§ Exercise instructions:
Extract, exactly as written, each line from the start of the records below to the line containing "Дополнительно хозблок оборудован", both ends included; drop the pictures.

---------- Study material

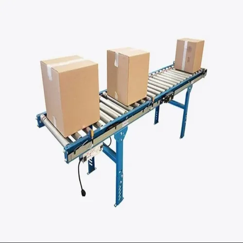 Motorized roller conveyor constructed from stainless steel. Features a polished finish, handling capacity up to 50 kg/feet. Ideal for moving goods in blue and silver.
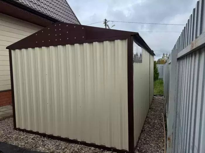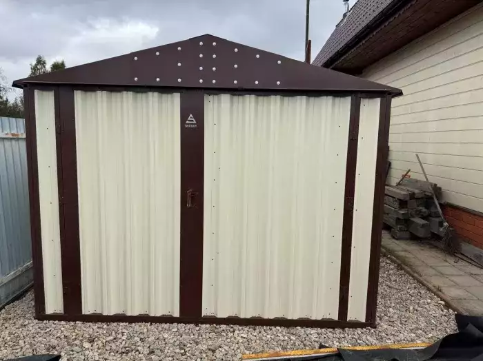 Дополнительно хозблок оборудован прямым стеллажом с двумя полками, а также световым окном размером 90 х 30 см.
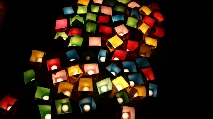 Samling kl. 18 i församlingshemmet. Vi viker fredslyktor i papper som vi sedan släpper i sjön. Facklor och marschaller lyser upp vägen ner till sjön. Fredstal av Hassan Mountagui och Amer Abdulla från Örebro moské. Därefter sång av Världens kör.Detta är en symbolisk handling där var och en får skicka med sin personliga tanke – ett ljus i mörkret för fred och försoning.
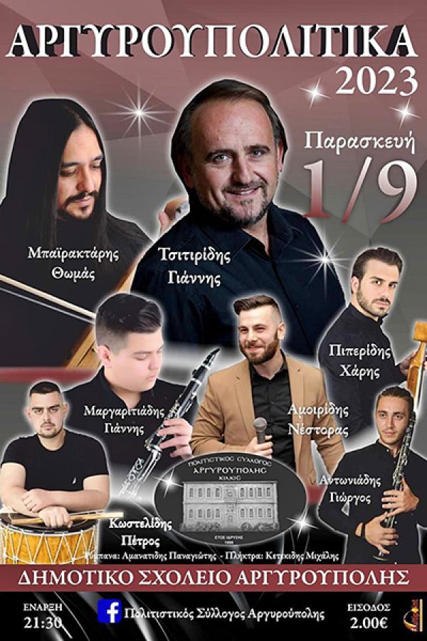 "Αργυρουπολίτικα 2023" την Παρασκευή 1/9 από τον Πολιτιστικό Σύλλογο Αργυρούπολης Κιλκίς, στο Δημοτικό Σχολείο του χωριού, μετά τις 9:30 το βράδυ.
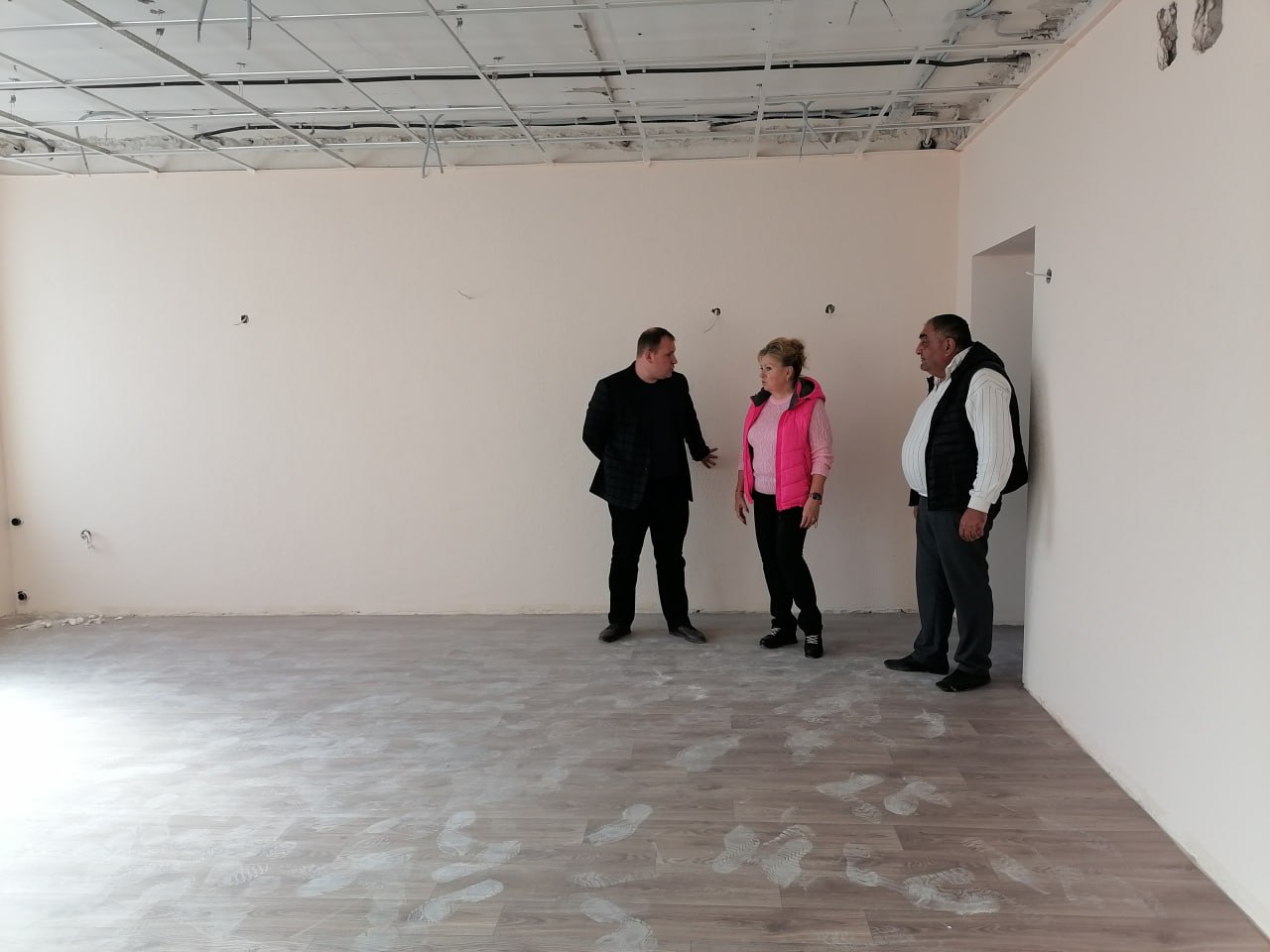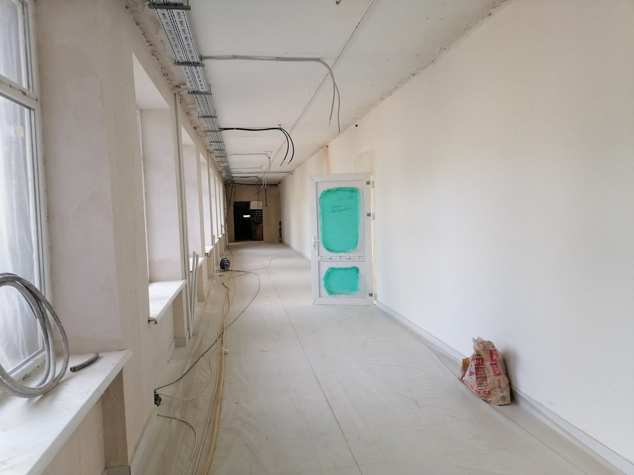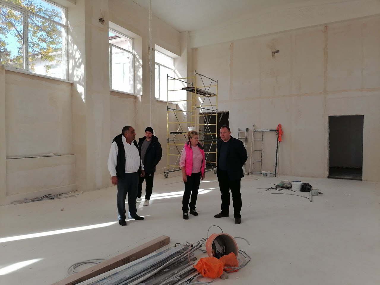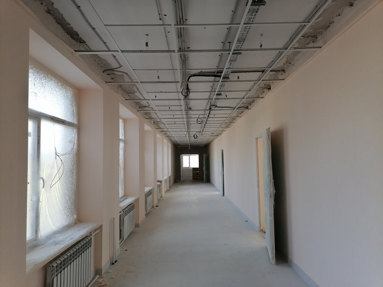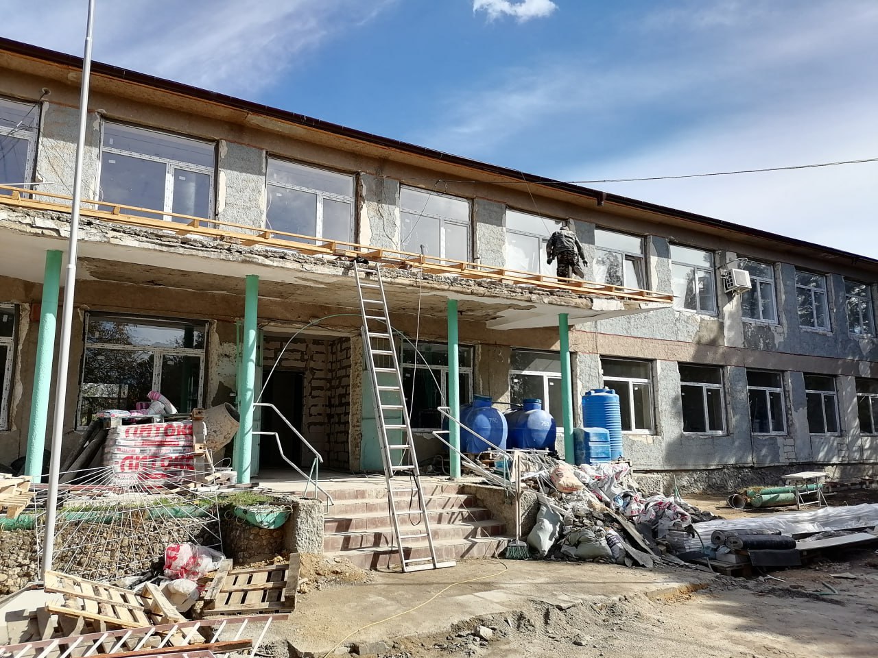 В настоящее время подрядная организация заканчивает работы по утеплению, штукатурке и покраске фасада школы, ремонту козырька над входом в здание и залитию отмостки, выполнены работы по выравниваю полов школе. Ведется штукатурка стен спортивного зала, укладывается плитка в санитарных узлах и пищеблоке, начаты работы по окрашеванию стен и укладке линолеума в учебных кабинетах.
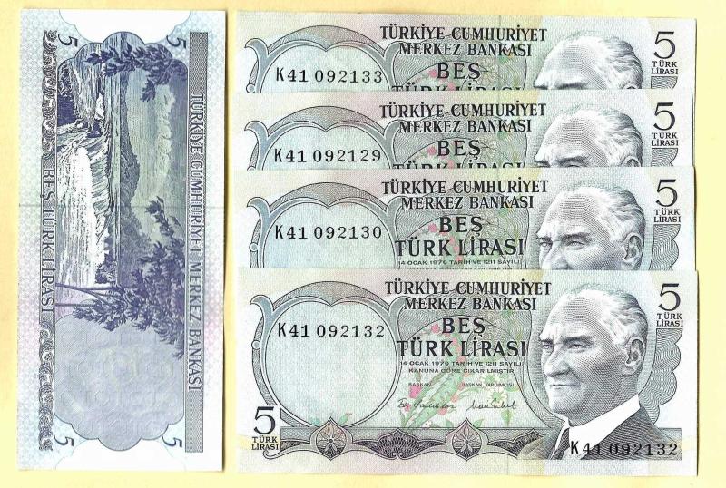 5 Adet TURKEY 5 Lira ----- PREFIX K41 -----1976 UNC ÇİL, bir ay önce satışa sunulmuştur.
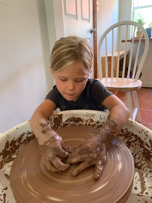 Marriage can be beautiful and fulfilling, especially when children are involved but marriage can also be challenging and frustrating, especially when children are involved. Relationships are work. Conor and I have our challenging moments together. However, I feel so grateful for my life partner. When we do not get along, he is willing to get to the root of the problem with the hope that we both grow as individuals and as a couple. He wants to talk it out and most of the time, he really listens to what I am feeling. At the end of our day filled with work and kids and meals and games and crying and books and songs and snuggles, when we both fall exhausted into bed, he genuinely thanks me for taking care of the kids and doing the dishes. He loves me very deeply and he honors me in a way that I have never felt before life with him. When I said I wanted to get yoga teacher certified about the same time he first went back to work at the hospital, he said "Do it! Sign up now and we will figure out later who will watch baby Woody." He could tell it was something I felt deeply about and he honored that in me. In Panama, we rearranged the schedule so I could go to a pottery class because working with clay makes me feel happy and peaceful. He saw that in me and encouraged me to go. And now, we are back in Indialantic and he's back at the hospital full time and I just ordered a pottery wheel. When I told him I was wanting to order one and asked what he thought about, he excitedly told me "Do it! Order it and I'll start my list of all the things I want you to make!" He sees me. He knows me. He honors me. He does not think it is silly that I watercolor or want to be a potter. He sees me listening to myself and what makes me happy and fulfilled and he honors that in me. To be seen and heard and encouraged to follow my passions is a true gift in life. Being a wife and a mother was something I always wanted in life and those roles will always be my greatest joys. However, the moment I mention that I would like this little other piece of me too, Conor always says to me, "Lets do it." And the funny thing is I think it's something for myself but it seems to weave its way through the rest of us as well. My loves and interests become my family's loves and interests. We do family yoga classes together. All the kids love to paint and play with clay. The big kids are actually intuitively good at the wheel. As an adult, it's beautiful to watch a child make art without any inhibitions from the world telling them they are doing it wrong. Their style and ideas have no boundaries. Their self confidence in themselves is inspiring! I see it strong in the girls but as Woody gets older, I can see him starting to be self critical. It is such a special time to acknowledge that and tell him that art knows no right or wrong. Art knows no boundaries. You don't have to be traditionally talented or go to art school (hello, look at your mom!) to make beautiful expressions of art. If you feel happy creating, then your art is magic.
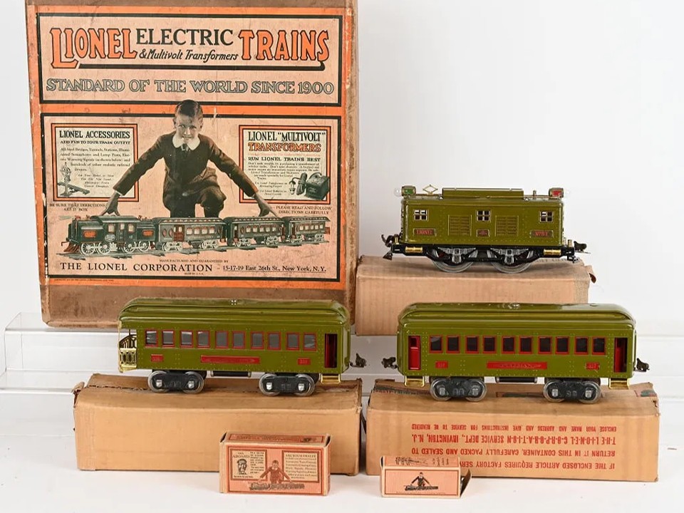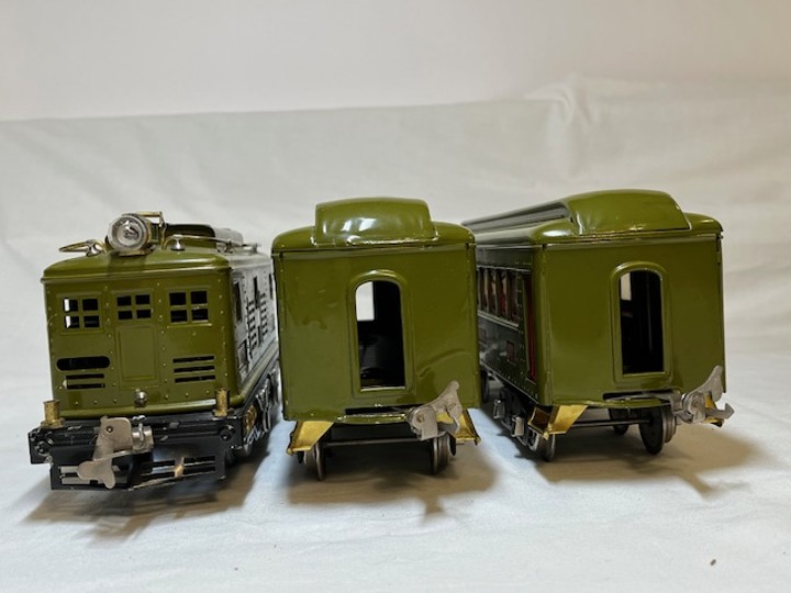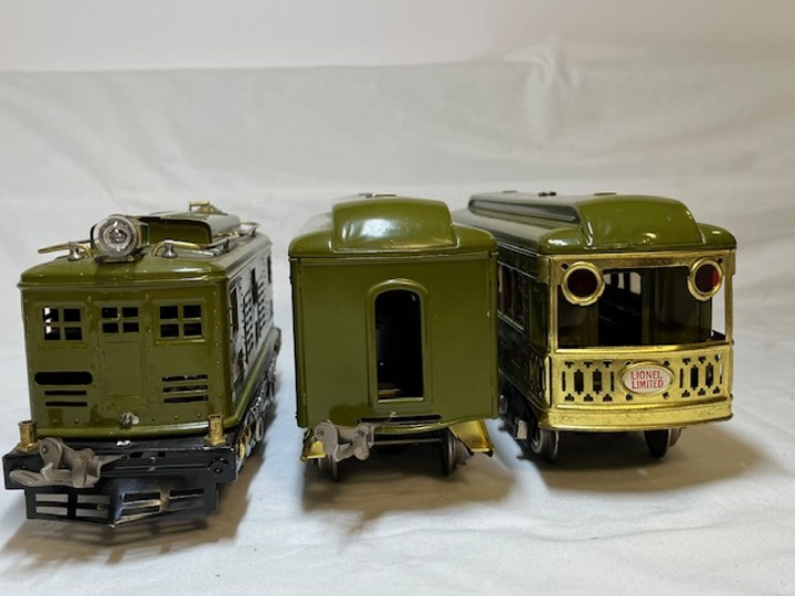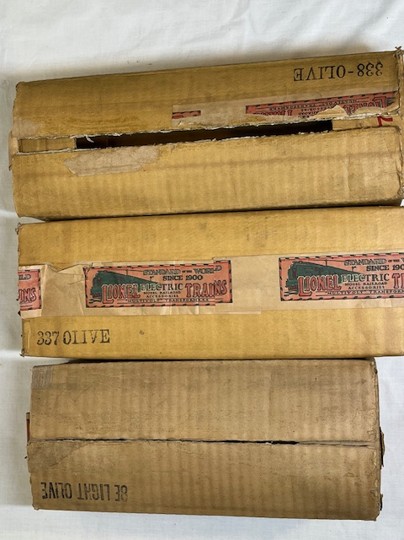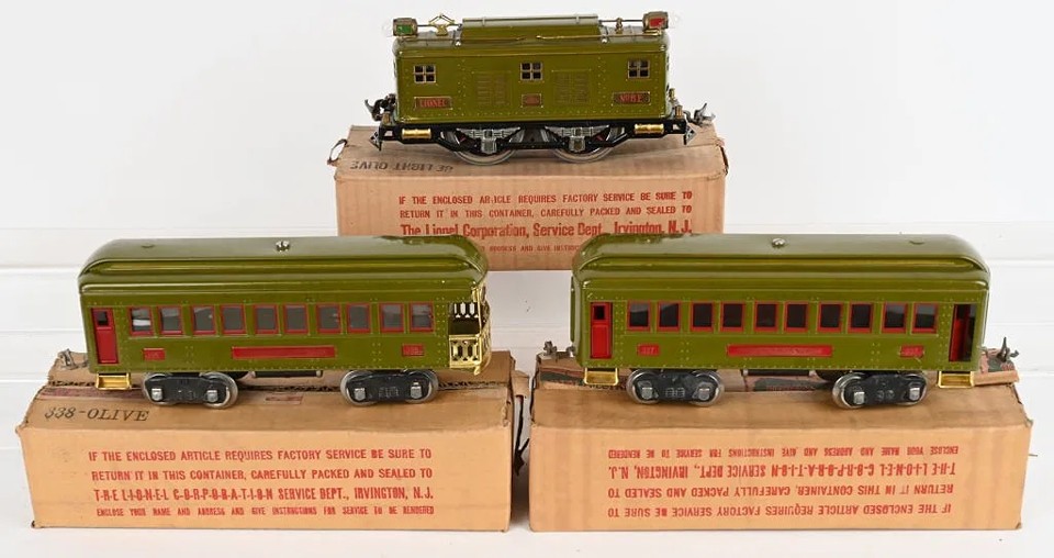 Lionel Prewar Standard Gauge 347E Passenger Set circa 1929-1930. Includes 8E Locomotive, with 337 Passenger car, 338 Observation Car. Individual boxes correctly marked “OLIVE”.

--------------------

§ Task response:
 Motorized roller conveyor constructed from stainless steel. Features a polished finish, handling capacity up to 50 kg/feet. Ideal for moving goods in blue and silver.
 Дополнительно хозблок оборудован прямым стеллажом с двумя полками, а также световым окном размером 90 х 30 см.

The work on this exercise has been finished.